PROBLEM DESCRIPTION: Output exactly, in the material below, the lines from the one with "内蒙古扎兰屯成吉思汗机场,飞" through the one with "4.3喂料辊齿轮传动设计计算". Omit all pictures.

[RECORDS SUPPLIED — start]

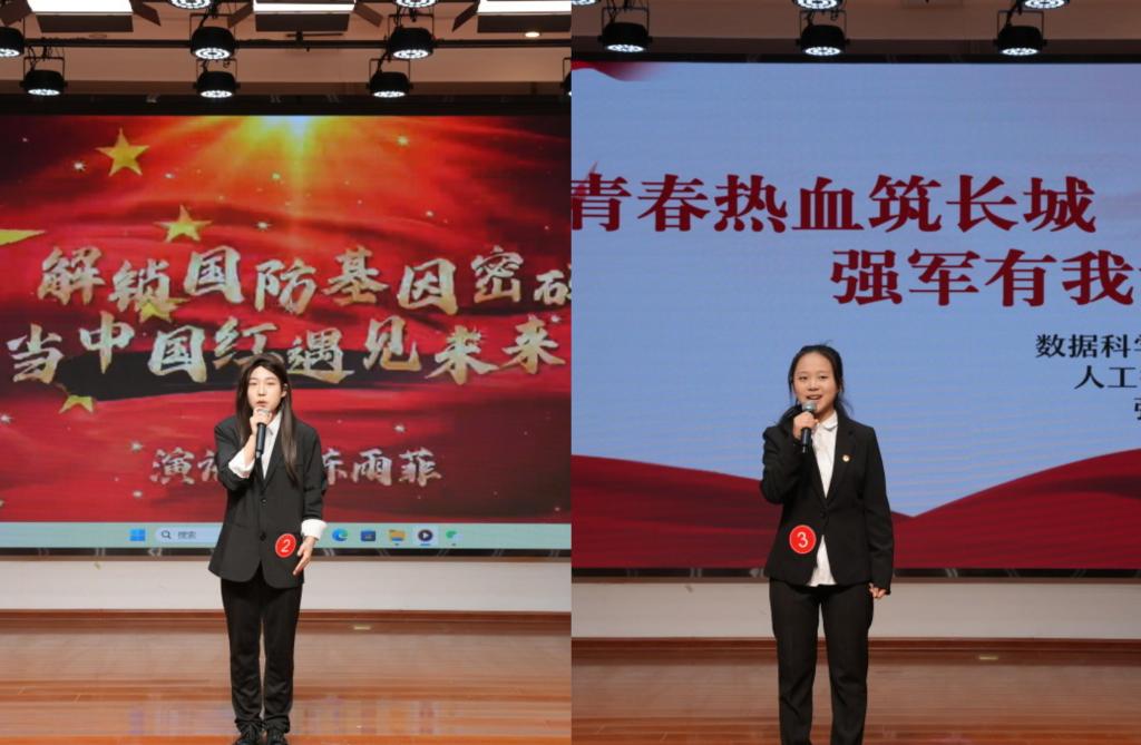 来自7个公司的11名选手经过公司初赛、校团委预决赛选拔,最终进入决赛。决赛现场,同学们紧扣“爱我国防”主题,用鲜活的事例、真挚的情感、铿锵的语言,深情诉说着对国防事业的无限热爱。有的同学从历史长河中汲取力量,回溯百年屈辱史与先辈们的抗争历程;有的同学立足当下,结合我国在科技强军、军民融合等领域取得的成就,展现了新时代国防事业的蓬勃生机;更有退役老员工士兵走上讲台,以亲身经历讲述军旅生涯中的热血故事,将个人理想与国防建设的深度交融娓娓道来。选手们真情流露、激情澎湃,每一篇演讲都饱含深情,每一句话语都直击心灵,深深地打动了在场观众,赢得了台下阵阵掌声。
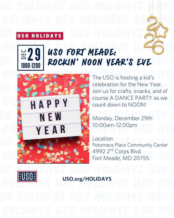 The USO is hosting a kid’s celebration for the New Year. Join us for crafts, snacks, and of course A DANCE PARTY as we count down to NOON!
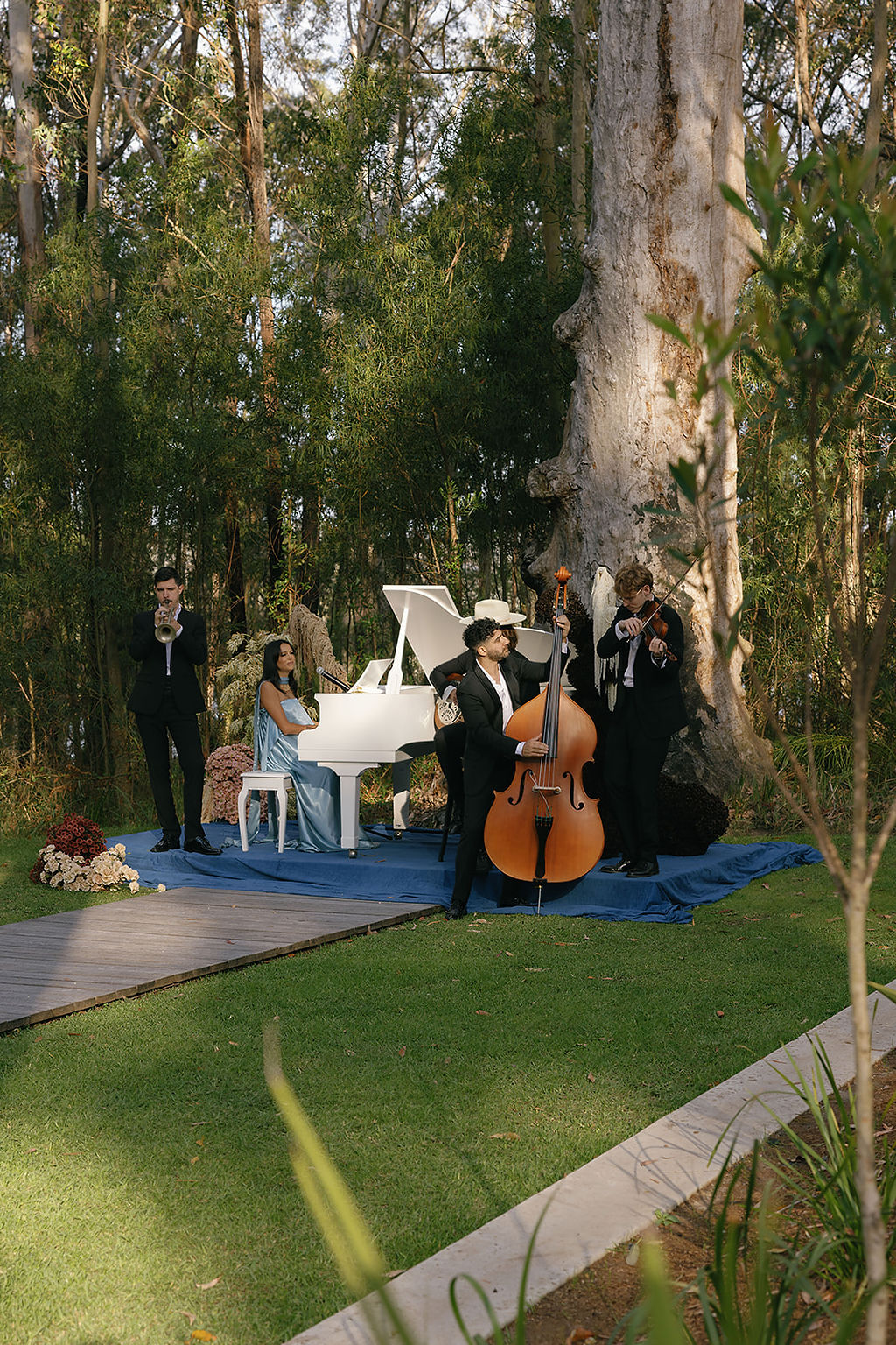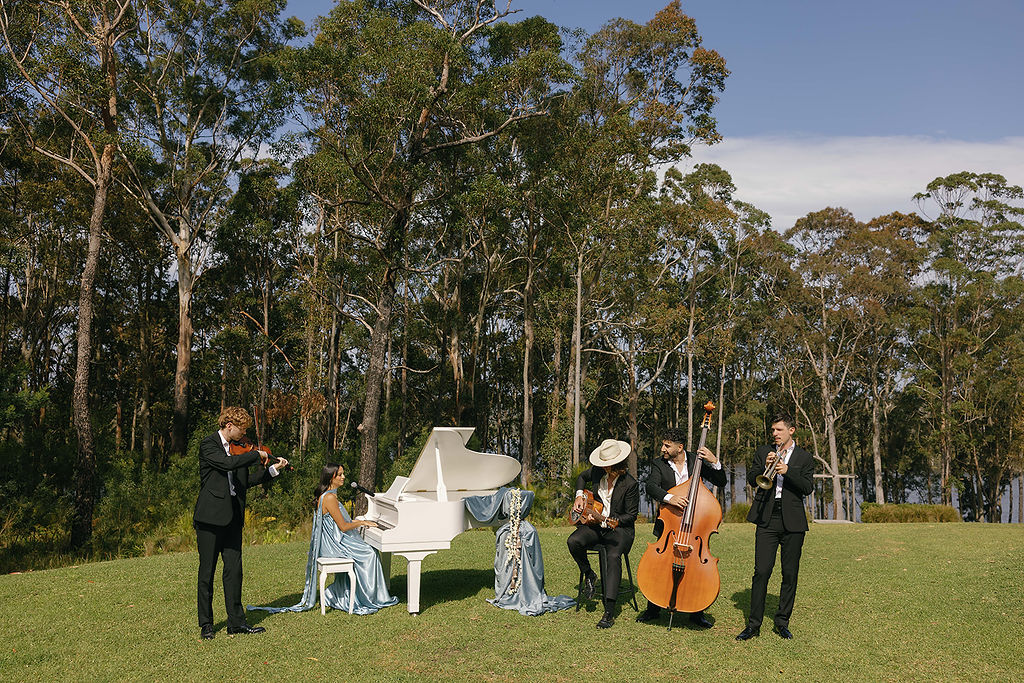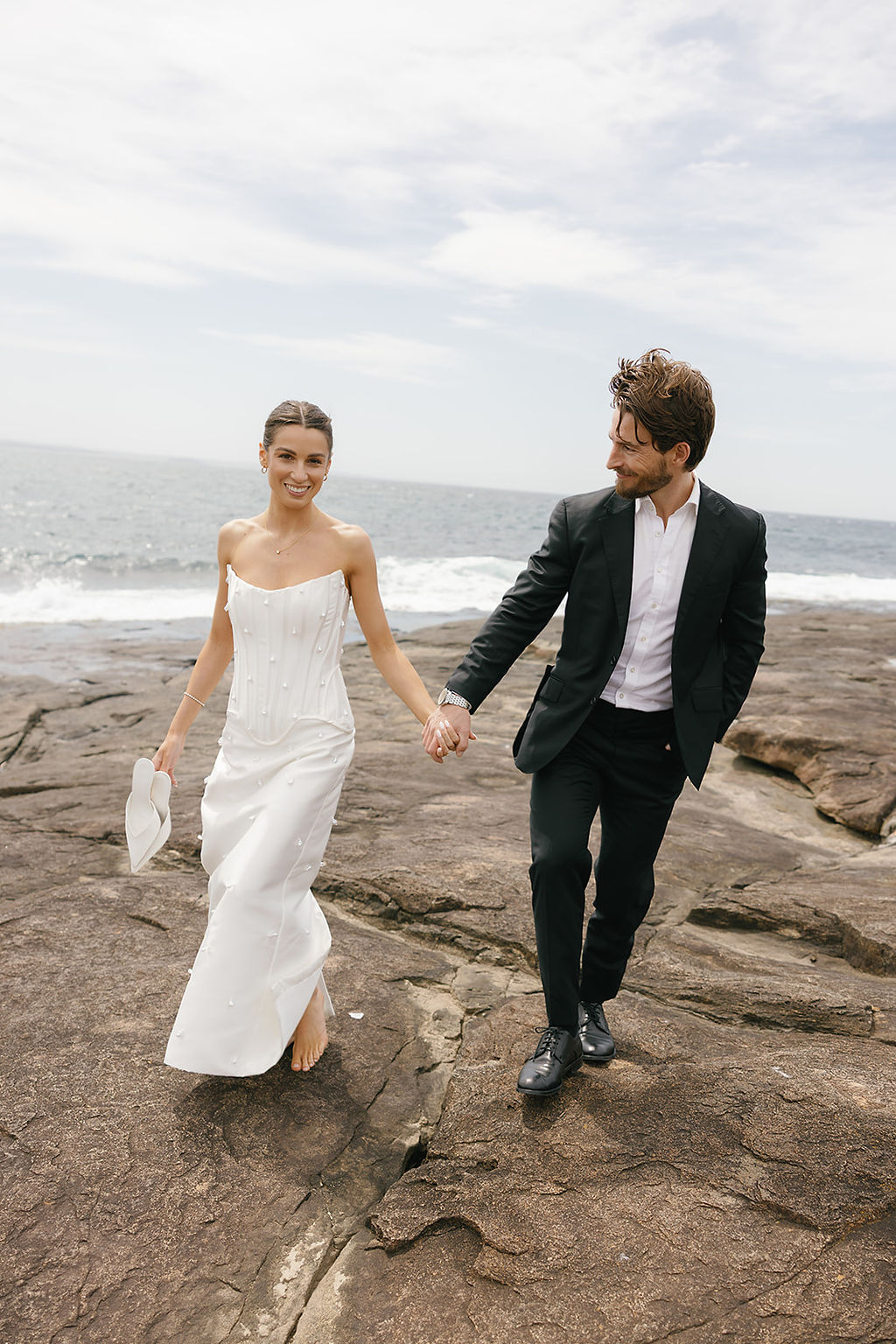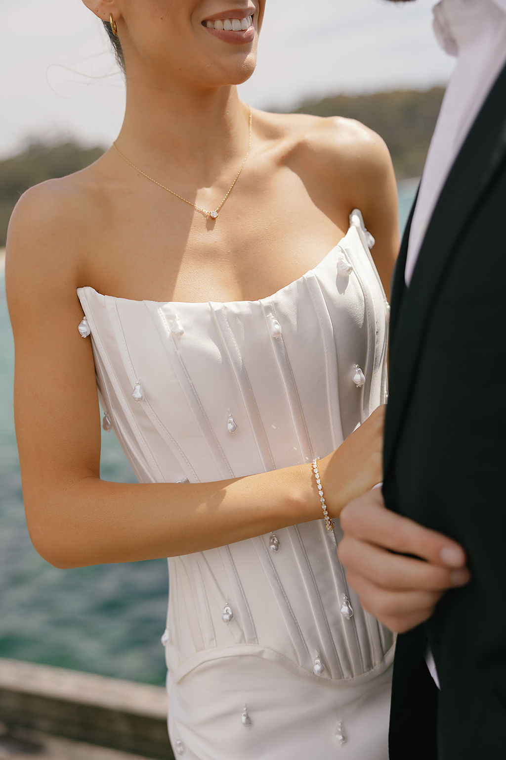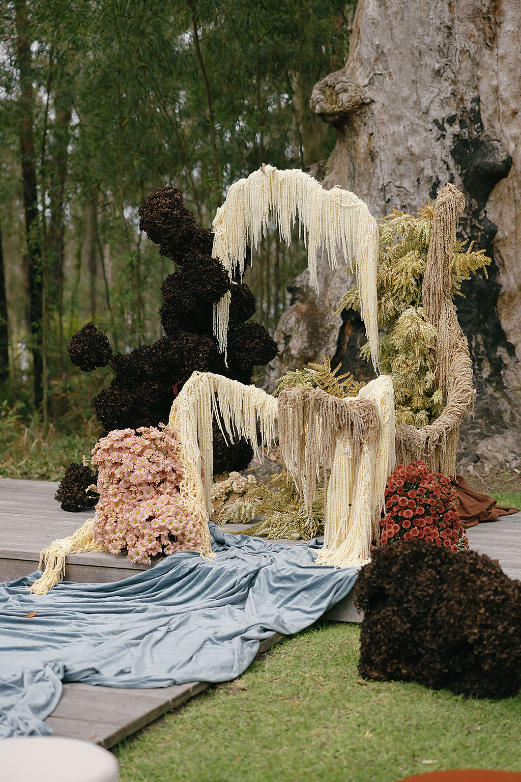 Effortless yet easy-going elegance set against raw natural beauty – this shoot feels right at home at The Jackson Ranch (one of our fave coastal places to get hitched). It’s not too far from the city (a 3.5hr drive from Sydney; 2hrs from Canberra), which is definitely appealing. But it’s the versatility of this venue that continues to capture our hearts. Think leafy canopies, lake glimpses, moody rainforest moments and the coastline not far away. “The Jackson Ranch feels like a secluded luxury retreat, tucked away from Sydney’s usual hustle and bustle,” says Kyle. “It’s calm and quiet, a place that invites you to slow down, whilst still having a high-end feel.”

[RECORDS SUPPLIED — finish]
[RECORDS SUPPLIED — start]

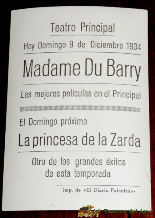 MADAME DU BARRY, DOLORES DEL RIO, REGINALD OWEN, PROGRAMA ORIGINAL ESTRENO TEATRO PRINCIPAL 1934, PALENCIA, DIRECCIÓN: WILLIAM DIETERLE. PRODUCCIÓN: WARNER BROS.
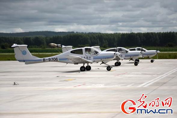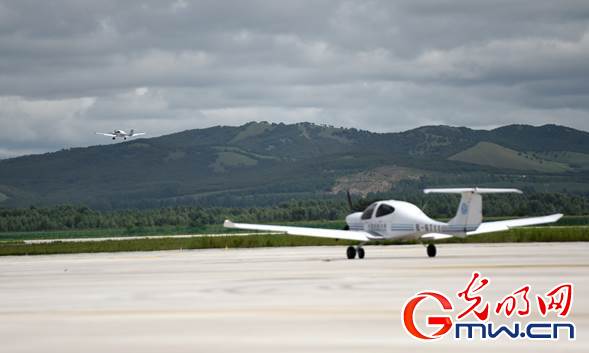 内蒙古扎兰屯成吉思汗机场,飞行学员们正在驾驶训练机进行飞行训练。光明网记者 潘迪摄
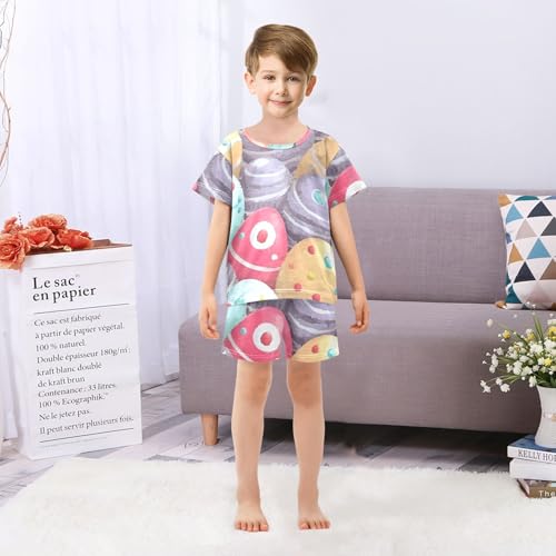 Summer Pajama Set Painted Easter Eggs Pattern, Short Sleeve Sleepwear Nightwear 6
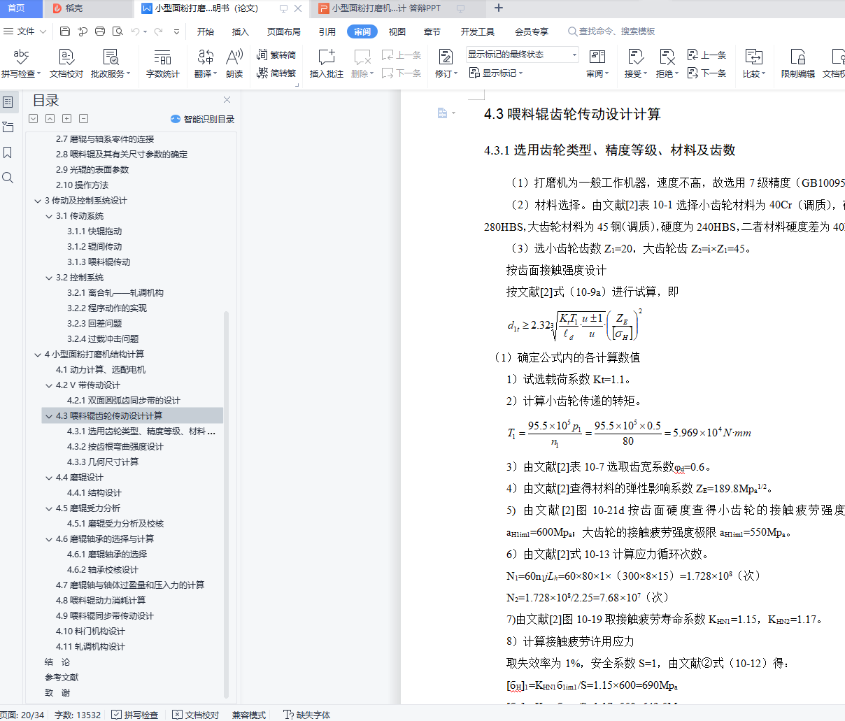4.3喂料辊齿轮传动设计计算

[RECORDS SUPPLIED — finish]

TASK RESPONSE:
 内蒙古扎兰屯成吉思汗机场,飞行学员们正在驾驶训练机进行飞行训练。光明网记者 潘迪摄
 Summer Pajama Set Painted Easter Eggs Pattern, Short Sleeve Sleepwear Nightwear 6
4.3喂料辊齿轮传动设计计算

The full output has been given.